ACCDOA: Activity-Coupled Cartesian Direction of Arrival Representation for Sound Event Localization and Detection
Kazuki Shimada, Yuichiro Koyama, Naoya Takahashi, Shusuke Takahashi, Yuki Mitsufuji
Neural-network (NN)-based methods show high performance in sound event
localization and detection (SELD). Conventional NN-based methods use two
branches for a sound event detection (SED) target and a direction-of-arrival
(DOA) target. The two-branch representation with a single network has to decide
how to balance the two objectives during optimization. Using two networks
dedicated to each task increases system complexity and network size. To address
these problems, we propose an activity-coupled Cartesian DOA (ACCDOA)

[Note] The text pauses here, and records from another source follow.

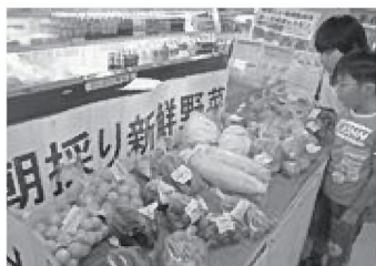
▲新鮮な野菜が多く並ぶ「いなショップ・グリーン」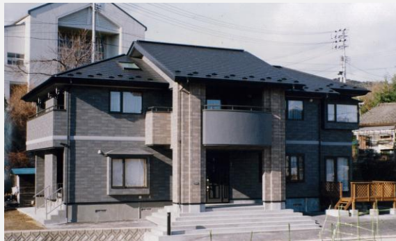
和洋の 2 世帯住宅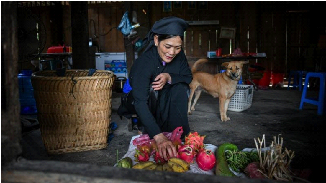
라찌(La Chí)족 생활모습, 사진: 텃땃(Thành Đạt), 출처: https://vietnam.vnanet.vn

전통적으로 논농사와 계단식 농업을 한다. 저지대에서는 모내기를 하고, 밭에는 옥수수, 고구마, 카사바 등의 작물을 재배하며, 일부 기름진 밭과 토지는 목화와 인디고(indigo) 2) 를 재배한다. 차나무는 1990년대부터 라찌(La Chí)족의 귀중한 상품이 되었고, 양어업(養漁業) 3) 역시 새로운 경제 활동이지만 라찌(La Chí)족 사이에서 인기를 끌고 있다. 또한 라찌(La Chí)족의 소와 가금류 등의 사육 4) 은 라찌(La Chí)족의 소득증대에 기여하는 것 외에도 제사에 바치는 제물로도 쓰인다.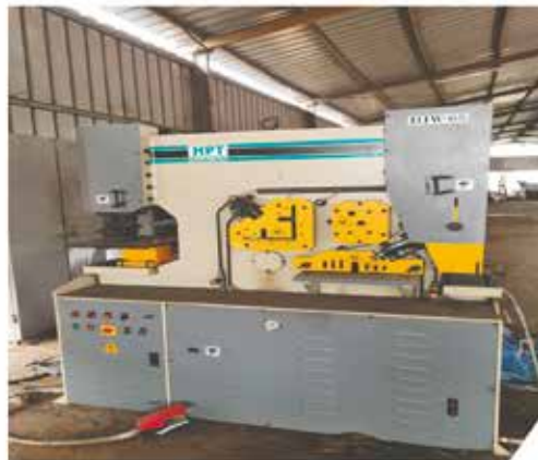
Poinçonneuse / Découpeuse hydraulique (Iron Worker)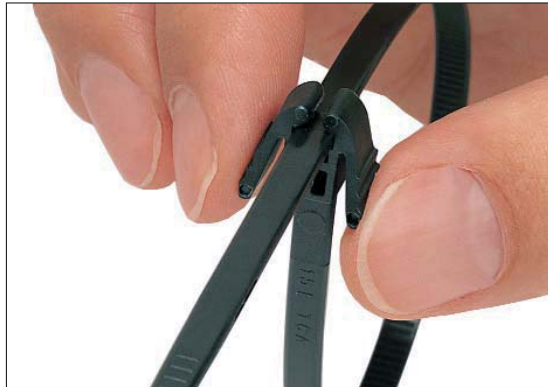
Der REZ-Kabelbinder lässt sich einfach wieder öffnen.

Die REZ-Kabelbinder sind überall dort geeignet, wo ein einfaches und schnelles Wiederöffnen wichtig ist, z. B. bei der Vormontage in der Kabelkonfektion.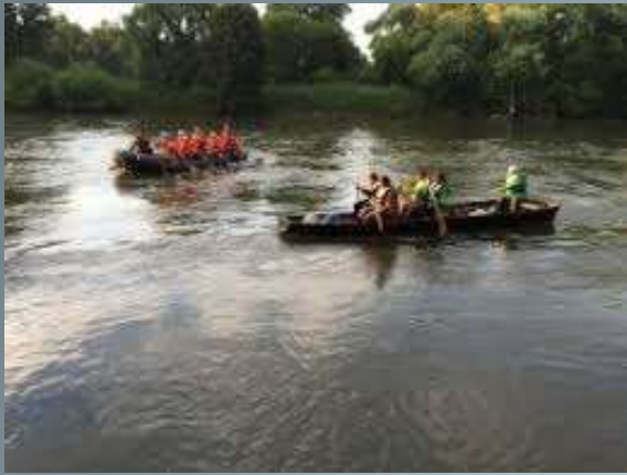
International rafting on the Mura River by the rowboats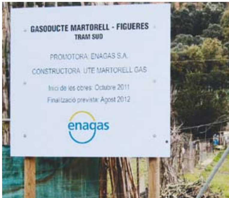
Cartell al riu Ripoll indicant per on travessarà el gasoducte.

L'empresa Enagas és la promotora del gasoducte, les obres del qual van començar a finals de novembre. En el seu moment, l'Ajuntament de Castellar del Vallès va presentar al·legacions al projecte. A l'estiu de 2008 va anunciar que, sumant-se a les reivindicacions d'altres municipis més afectats com Sabadell i Sentmenat, proposaria de forma conjunta un traçat alternatiu que seguiria l'autopista AP-7, un itinerari que ja segueix el gasoducte després de sortir del Vallès. L'Estat, però, va descartar aquest traçat alternatiu adduint motius de seguretat. No obstant,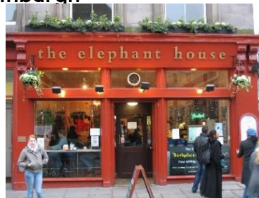
B: The elephant house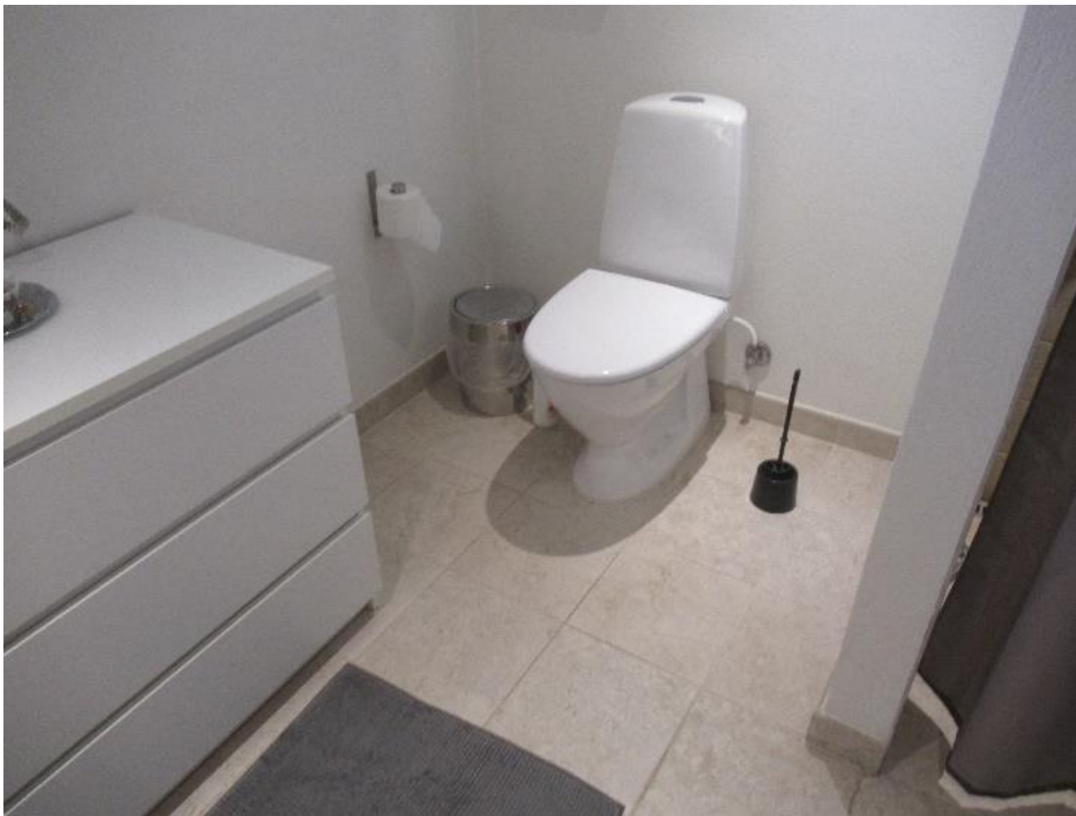
Eksempel på renoveret / sammenlagt toilet og badeværelse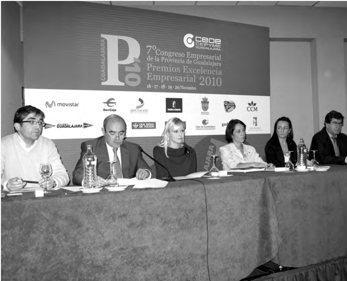
Las autoridades políticas apoyaron, con su presencia, todos los actos del 7º Congreso Empresarial de CEOE Guadalajara. / M.S.M.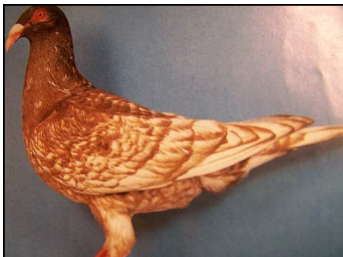
Pigeon Espagnol cousin de notre TNB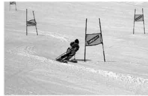
斜面変化を設け難いコースだった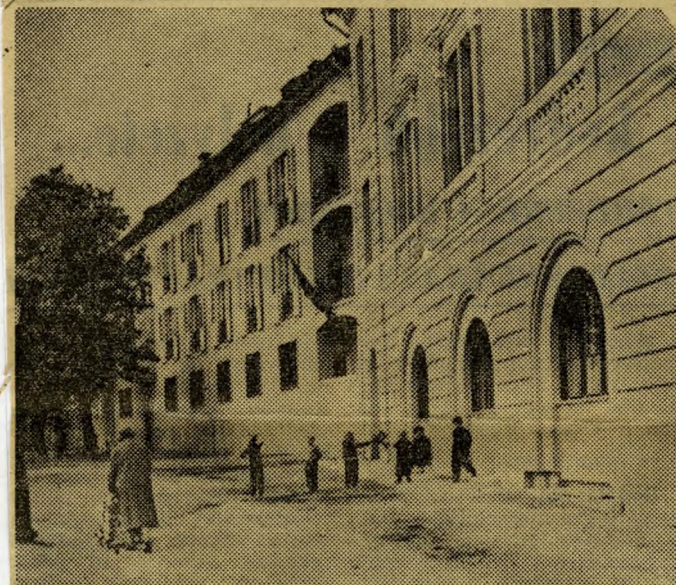
Helyreállított épületsor a Bástya-sétányon

palota épületén már elvégzések a hátramaradt szerkezeti átépítéseket, állnak már a válaszfalak, és folynak a belső építkezési munkálatok.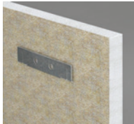
Акусто Элемент крепление на двойной крепежный крюк.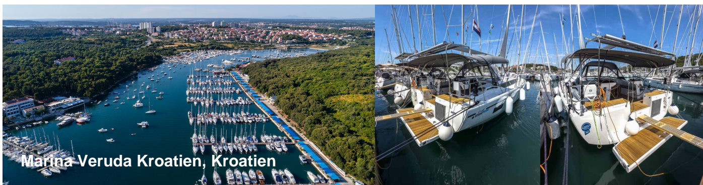
Marina Veruda Kroatien, Kroatien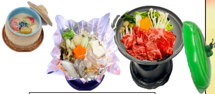
鱈と鶏つみれ鍋 茶碗蒸し+すき焼き鍋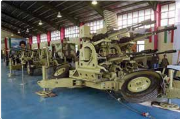
تصویر ۱-۸- سامانه دفاع هوایی مصباح

در یک تعریف ساده اقتدار به معنی آن است که فرد یا حکومت از چنان مقبولیتی برخوردار باشد که نظر او در موضوع یا مسائلی که پیش می‌آید، حرف آخر باشد و دیگران از آن اطاعت کنند.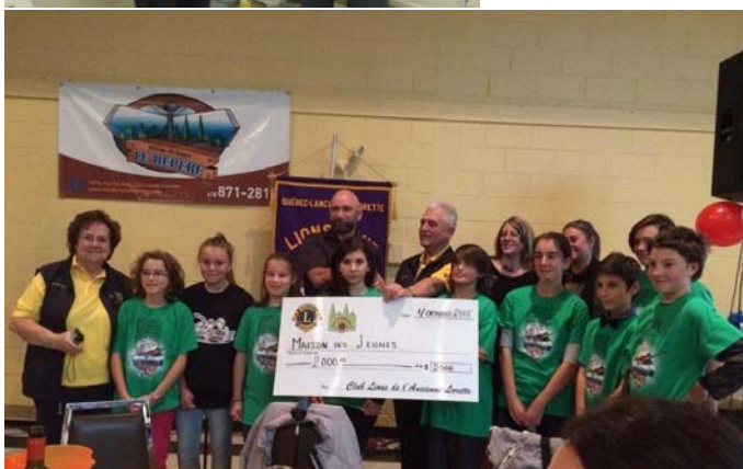
Remise d'un chèque de 2 000 $ à la Maison des Jeunes pour la réalisation de leurs projets.

representation, which assigns a sound event activity to the length of a
corresponding Cartesian DOA vector. The ACCDOA representation enables us to
solve a SELD task with a single target and has two advantages: avoiding the
necessity of balancing the objectives and model size increase. In experimental
evaluations with the DCASE 2020 Task 3 dataset, the ACCDOA representation
outperformed the two-branch representation in SELD metrics with a smaller
network size. The ACCDOA-based SELD system also performed better than
state-of-the-art SELD systems in terms of localization and location-dependent
detection.